### PROBLEM DESCRIPTION
A faithful copy of the entries is needed, one that leaves out the pictures.

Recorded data
Start of Block

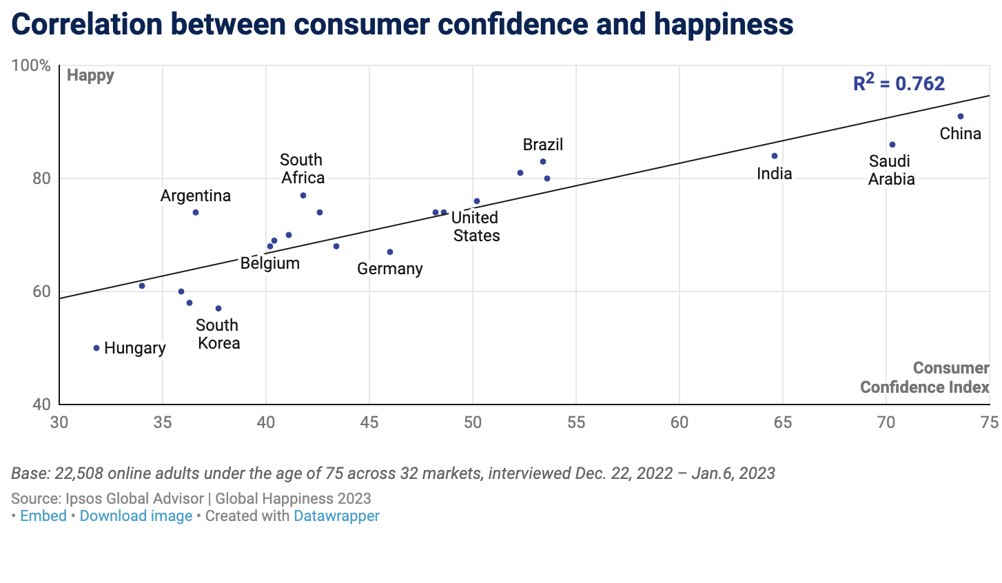 Another key finding from this study is that, at a local level, levels of happiness tend to reflect levels of consumer sentiment. Ipsos compared the percentage of happy adults and Ipsos’s Consumer Confidence Index across the 22 markets where both were measured in the same survey and found they are highly correlated. The Consumer Confidence Index tracks people’s sentiment about their financial situation, their ability to make purchases and investments, and perceptions of their local economy, job security and future opportunities.
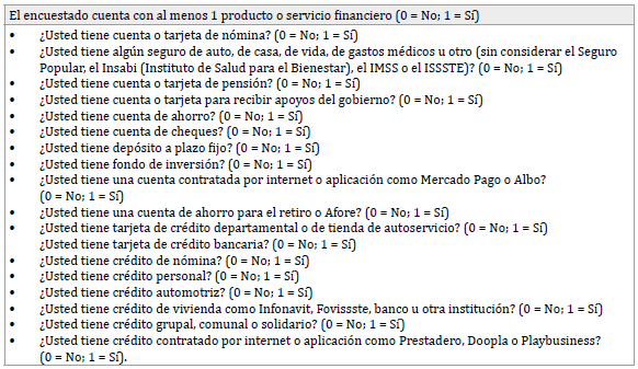 Se tomaron 12.406 observaciones (5.688 hombres y 6.718 mujeres) correspondientes a las preguntas respondidas por personas encuestadas entre 18 y 70 años dentro de la ENIF del año 2021. Se realizó un constructo de 17 preguntas de la encuesta para obtener una variable dependiente única que represente al uso y acceso de productos y servicios financieros, tanto en hombres como en mujeres (Tabla 1).
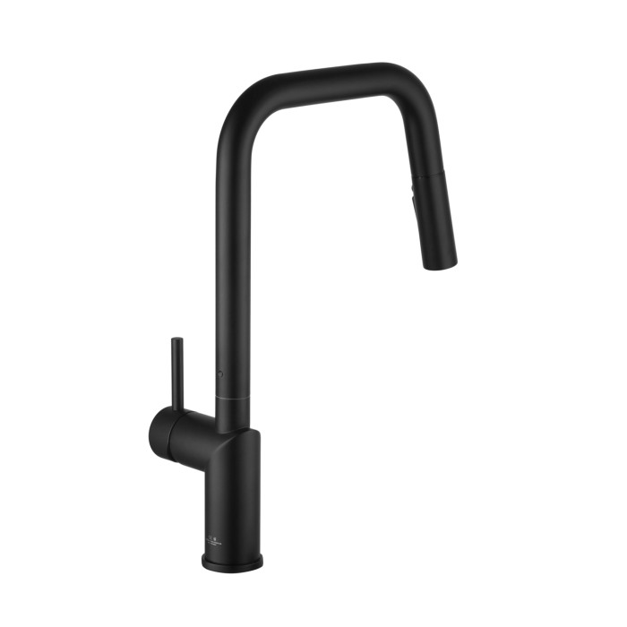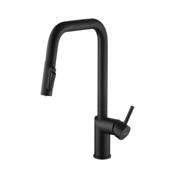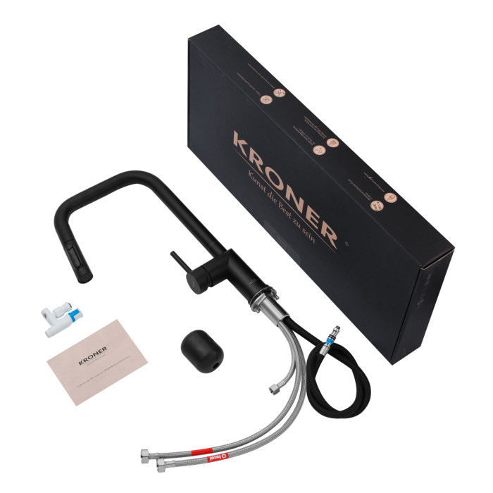 Змішувач для кухні Kroner Element 296569B-3801 — сучасний і технологічний кухонний змішувач у стильному чорному кольорі з матовим покриттям, який ефектно підкреслює інтер'єр і виглядає особливо актуально в кухнях у стилі лофт, модерн або мінімалізм.
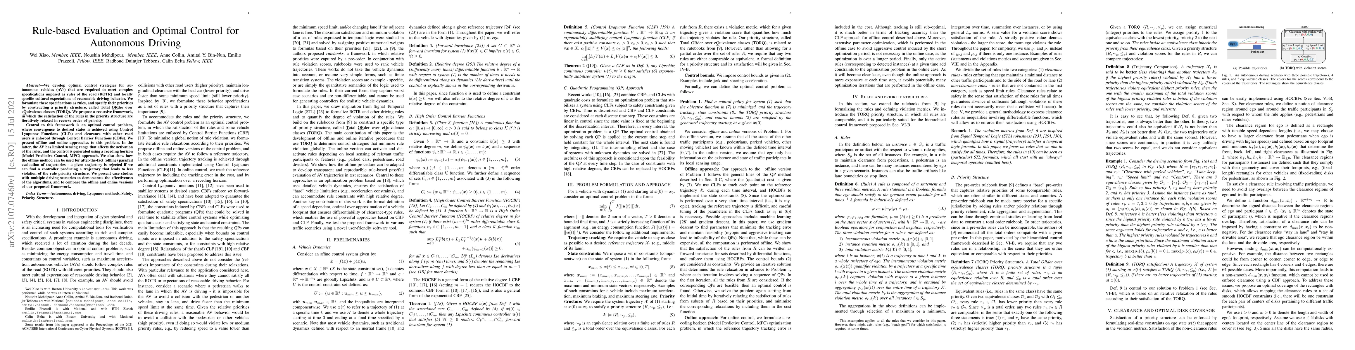 We develop optimal control strategies for autonomous vehicles (AVs) that are required to meet complex specifications imposed as rules of the road (ROTR) and locally specific cultural expectations of reasonable driving behavior. We formulate these specifications as rules, and specify their priorities by constructing a priority structure, called \underline{T}otal \underline{OR}der over e\underline{Q}uivalence classes (TORQ). We propose a recursive framework, in which the satisfaction of the rules in the priority structure are iteratively relaxed in reverse order of priority. Central to this framework is an optimal control problem, where convergence to desired states is achieved using Control Lyapunov Functions (CLFs) and clearance with other road users is enforced through Control Barrier Functions (CBFs). We present offline and online approaches to this problem. In the latter, the AV has limited sensing range that affects the activation of the rules, and the control is generated using a receding horizon (Model Predictive Control, MPC) approach. We also show how the offline method can be used for after-the-fact (offline) pass/fail evaluation of trajectories - a given trajectory is rejected if we can find a controller producing a trajectory that leads to less violation of the rule priority structure. We present case studies with multiple driving scenarios to demonstrate the effectiveness of the algorithms, and to compare the offline and online versions of our proposed framework.
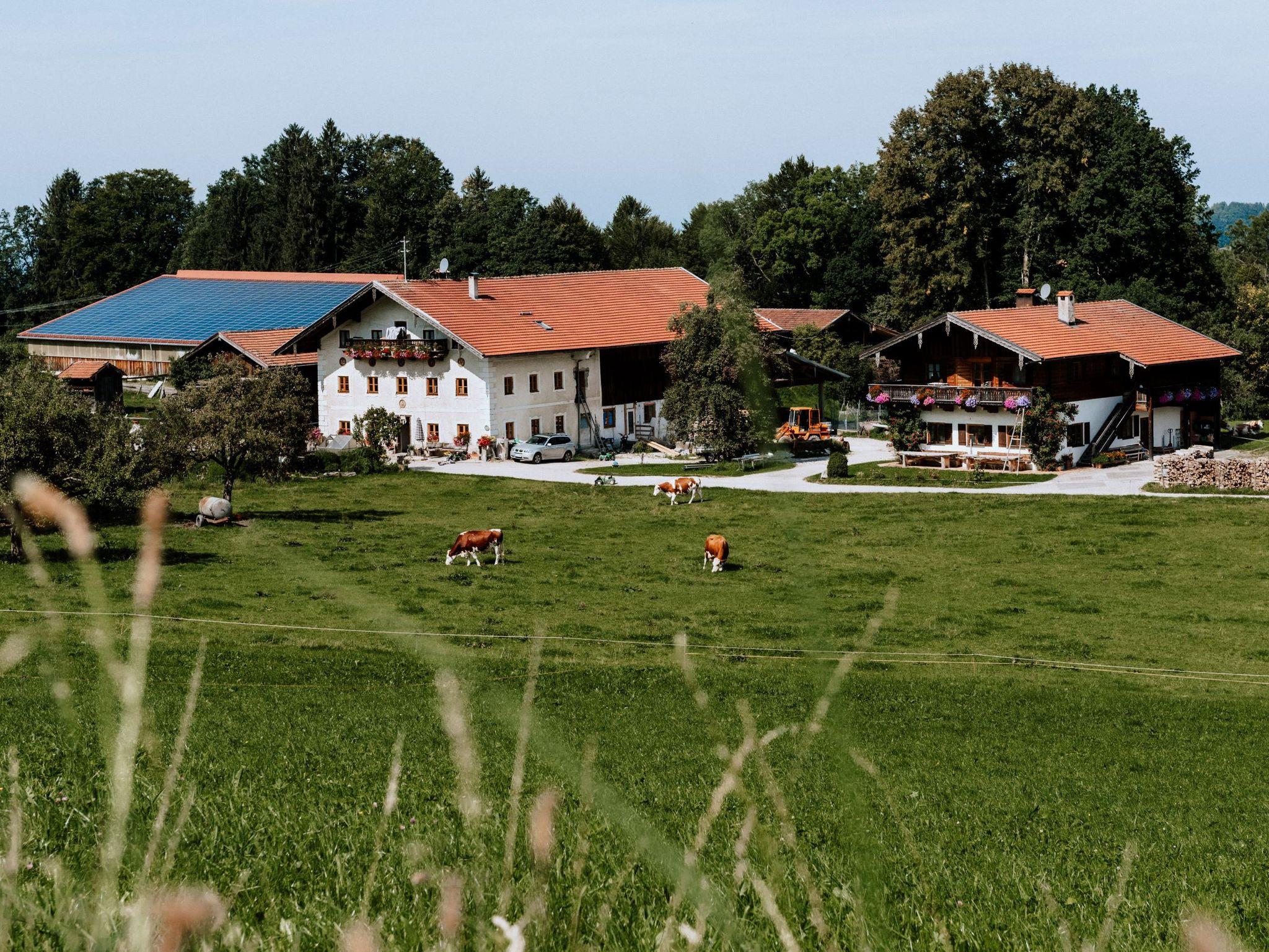 Herzlich willkommen auf unserem Berg-Bauernhof in absolut freier, ruhiger Alleinlage mit Blick auf den Berg Hochries, 3 km außerhalb von Frasdorf. Wir, die Bauersfamilie Franz und Christiane samt unseren Kindern Franzl, Lisal, Kathl und Fini leben hier mit unseren 30 Milchkühen, Kälbern, Hühnern und Schafen. Es ist viel Platz um's Haus, um mit Tretfahrzeugen, Fahrrädern und Ketcars herumzusausen. Gerne nehmen wir euch mit in den Stall und zeigen euch unsere Landwirtschaft. Die Ferienwohnungen befinden sich separat im Zuhaus mit überdachtem Freisitz.
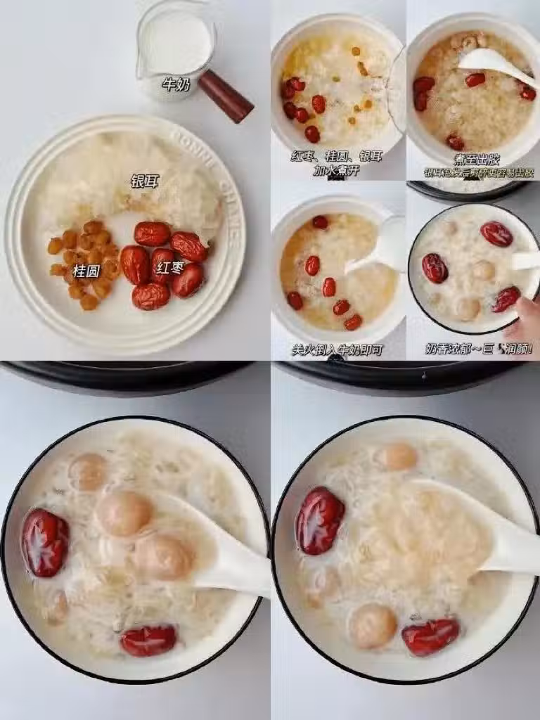 食材:銀耳 桂圓 紅棗 牛奶
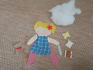 Juego de fieltro para coser muñeca y perro.Está nuevo,pero falta ojos de muñeca y pelo posterior.
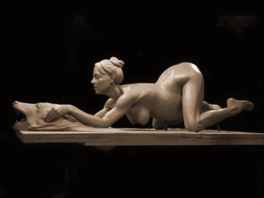 在布兰妮产下第一个孩子肖恩·普雷斯顿半年之后,爱德华兹开始创作这件作品。他介绍,自己一般用三个月的时间完成一件作品,但小甜甜那件却花了6个月的时间。“其实我本来想雕的是小甜甜抓着麦克风生孩子,后来改成抓熊头是想做出一种对照式的平衡感。” |
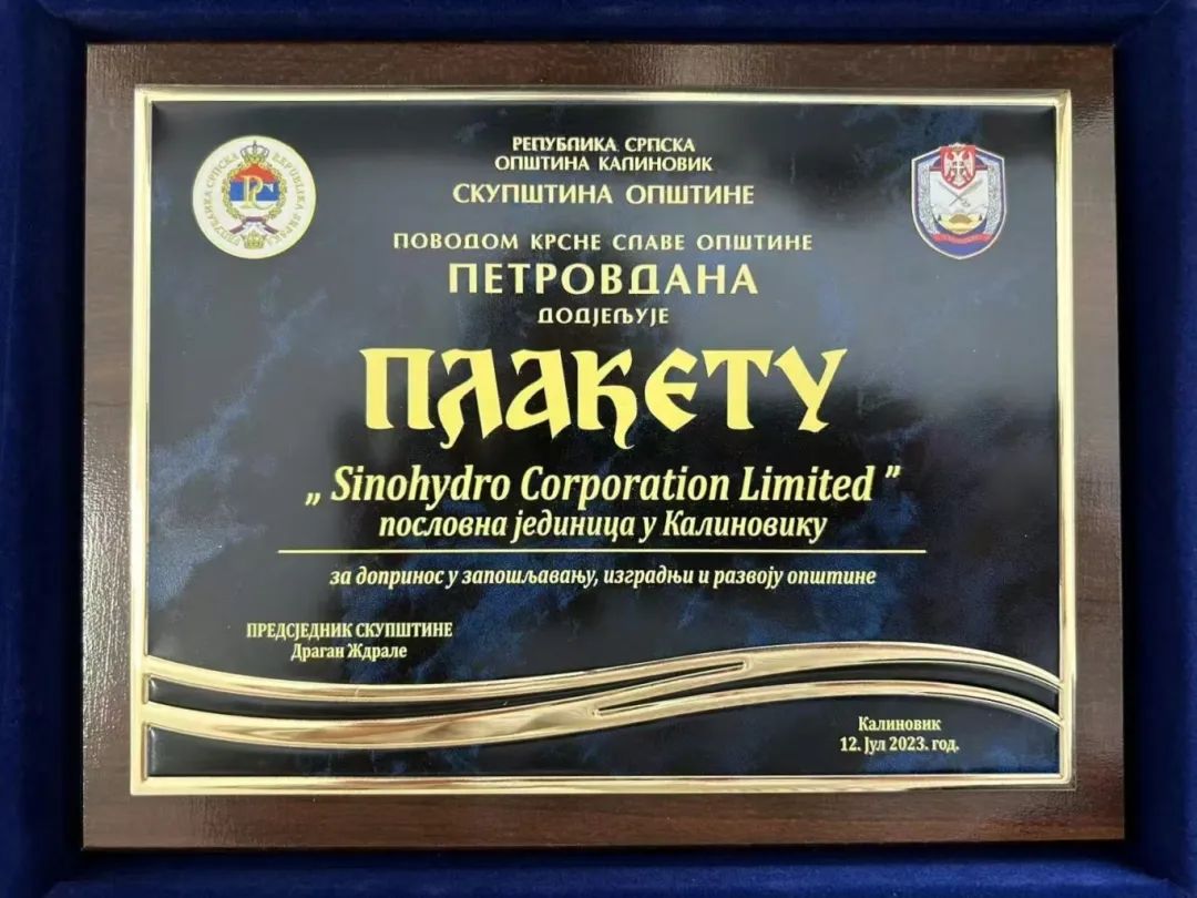 項目的建設受到當?shù)卣母叨戎匾暎?023年,波黑優(yōu)樂高水電站項目部獲波黑卡利諾維克市“杰出貢獻獎”,這是當?shù)卣谟桉v在企業(yè)的最高榮譽,表彰他們履行企業(yè)社會責任,為帶動當?shù)亟?jīng)濟作出的貢獻。

End of Block

### REPLY
 Another key finding from this study is that, at a local level, levels of happiness tend to reflect levels of consumer sentiment. Ipsos compared the percentage of happy adults and Ipsos’s Consumer Confidence Index across the 22 markets where both were measured in the same survey and found they are highly correlated. The Consumer Confidence Index tracks people’s sentiment about their financial situation, their ability to make purchases and investments, and perceptions of their local economy, job security and future opportunities.
 Se tomaron 12.406 observaciones (5.688 hombres y 6.718 mujeres) correspondientes a las preguntas respondidas por personas encuestadas entre 18 y 70 años dentro de la ENIF del año 2021. Se realizó un constructo de 17 preguntas de la encuesta para obtener una variable dependiente única que represente al uso y acceso de productos y servicios financieros, tanto en hombres como en mujeres (Tabla 1).
 Змішувач для кухні Kroner Element 296569B-3801 — сучасний і технологічний кухонний змішувач у стильному чорному кольорі з матовим покриттям, який ефектно підкреслює інтер'єр і виглядає особливо актуально в кухнях у стилі лофт, модерн або мінімалізм.
 We develop optimal control strategies for autonomous vehicles (AVs) that are required to meet complex specifications imposed as rules of the road (ROTR) and locally specific cultural expectations of reasonable driving behavior. We formulate these specifications as rules, and specify their priorities by constructing a priority structure, called \underline{T}otal \underline{OR}der over e\underline{Q}uivalence classes (TORQ). We propose a recursive framework, in which the satisfaction of the rules in the priority structure are iteratively relaxed in reverse order of priority. Central to this framework is an optimal control problem, where convergence to desired states is achieved using Control Lyapunov Functions (CLFs) and clearance with other road users is enforced through Control Barrier Functions (CBFs). We present offline and online approaches to this problem. In the latter, the AV has limited sensing range that affects the activation of the rules, and the control is generated using a receding horizon (Model Predictive Control, MPC) approach. We also show how the offline method can be used for after-the-fact (offline) pass/fail evaluation of trajectories - a given trajectory is rejected if we can find a controller producing a trajectory that leads to less violation of the rule priority structure. We present case studies with multiple driving scenarios to demonstrate the effectiveness of the algorithms, and to compare the offline and online versions of our proposed framework.
 Herzlich willkommen auf unserem Berg-Bauernhof in absolut freier, ruhiger Alleinlage mit Blick auf den Berg Hochries, 3 km außerhalb von Frasdorf. Wir, die Bauersfamilie Franz und Christiane samt unseren Kindern Franzl, Lisal, Kathl und Fini leben hier mit unseren 30 Milchkühen, Kälbern, Hühnern und Schafen. Es ist viel Platz um's Haus, um mit Tretfahrzeugen, Fahrrädern und Ketcars herumzusausen. Gerne nehmen wir euch mit in den Stall und zeigen euch unsere Landwirtschaft. Die Ferienwohnungen befinden sich separat im Zuhaus mit überdachtem Freisitz.
 食材:銀耳 桂圓 紅棗 牛奶
 Juego de fieltro para coser muñeca y perro.Está nuevo,pero falta ojos de muñeca y pelo posterior.
 在布兰妮产下第一个孩子肖恩·普雷斯顿半年之后,爱德华兹开始创作这件作品。他介绍,自己一般用三个月的时间完成一件作品,但小甜甜那件却花了6个月的时间。“其实我本来想雕的是小甜甜抓着麦克风生孩子,后来改成抓熊头是想做出一种对照式的平衡感。” |
 項目的建設受到當?shù)卣母叨戎匾暎?023年,波黑優(yōu)樂高水電站項目部獲波黑卡利諾維克市“杰出貢獻獎”,這是當?shù)卣谟桉v在企業(yè)的最高榮譽,表彰他們履行企業(yè)社會責任,為帶動當?shù)亟?jīng)濟作出的貢獻。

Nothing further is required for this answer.